Required work: Word for word, the data below must be repeated in full; no picture is to be included.
***** Data *****
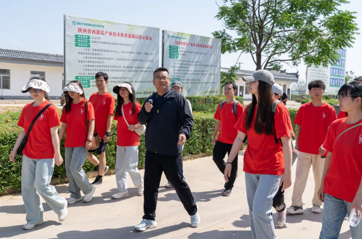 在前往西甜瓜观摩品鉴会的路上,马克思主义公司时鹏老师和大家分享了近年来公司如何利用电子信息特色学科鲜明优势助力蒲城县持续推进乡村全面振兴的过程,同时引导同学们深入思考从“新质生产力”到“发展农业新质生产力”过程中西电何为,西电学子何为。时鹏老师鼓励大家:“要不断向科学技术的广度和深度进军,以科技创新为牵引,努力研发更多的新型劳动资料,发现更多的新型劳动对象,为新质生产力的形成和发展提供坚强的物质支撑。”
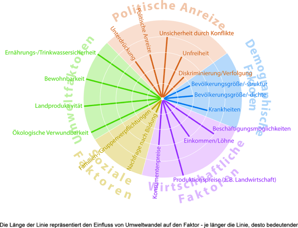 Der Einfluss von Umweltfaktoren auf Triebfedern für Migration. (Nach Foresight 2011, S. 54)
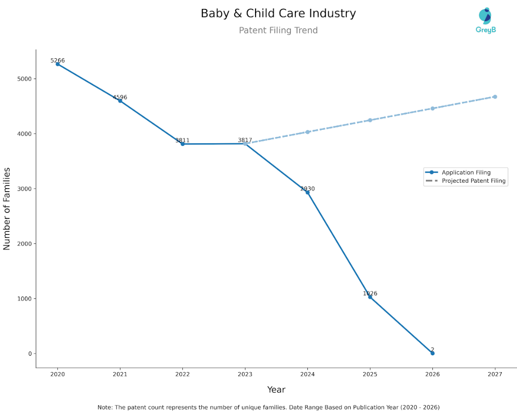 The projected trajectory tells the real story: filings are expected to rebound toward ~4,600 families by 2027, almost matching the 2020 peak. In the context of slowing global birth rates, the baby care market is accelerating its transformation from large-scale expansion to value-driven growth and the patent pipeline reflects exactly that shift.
*****
Written reply:
 在前往西甜瓜观摩品鉴会的路上,马克思主义公司时鹏老师和大家分享了近年来公司如何利用电子信息特色学科鲜明优势助力蒲城县持续推进乡村全面振兴的过程,同时引导同学们深入思考从“新质生产力”到“发展农业新质生产力”过程中西电何为,西电学子何为。时鹏老师鼓励大家:“要不断向科学技术的广度和深度进军,以科技创新为牵引,努力研发更多的新型劳动资料,发现更多的新型劳动对象,为新质生产力的形成和发展提供坚强的物质支撑。”
 Der Einfluss von Umweltfaktoren auf Triebfedern für Migration. (Nach Foresight 2011, S. 54)
 The projected trajectory tells the real story: filings are expected to rebound toward ~4,600 families by 2027, almost matching the 2020 peak. In the context of slowing global birth rates, the baby care market is accelerating its transformation from large-scale expansion to value-driven growth and the patent pipeline reflects exactly that shift.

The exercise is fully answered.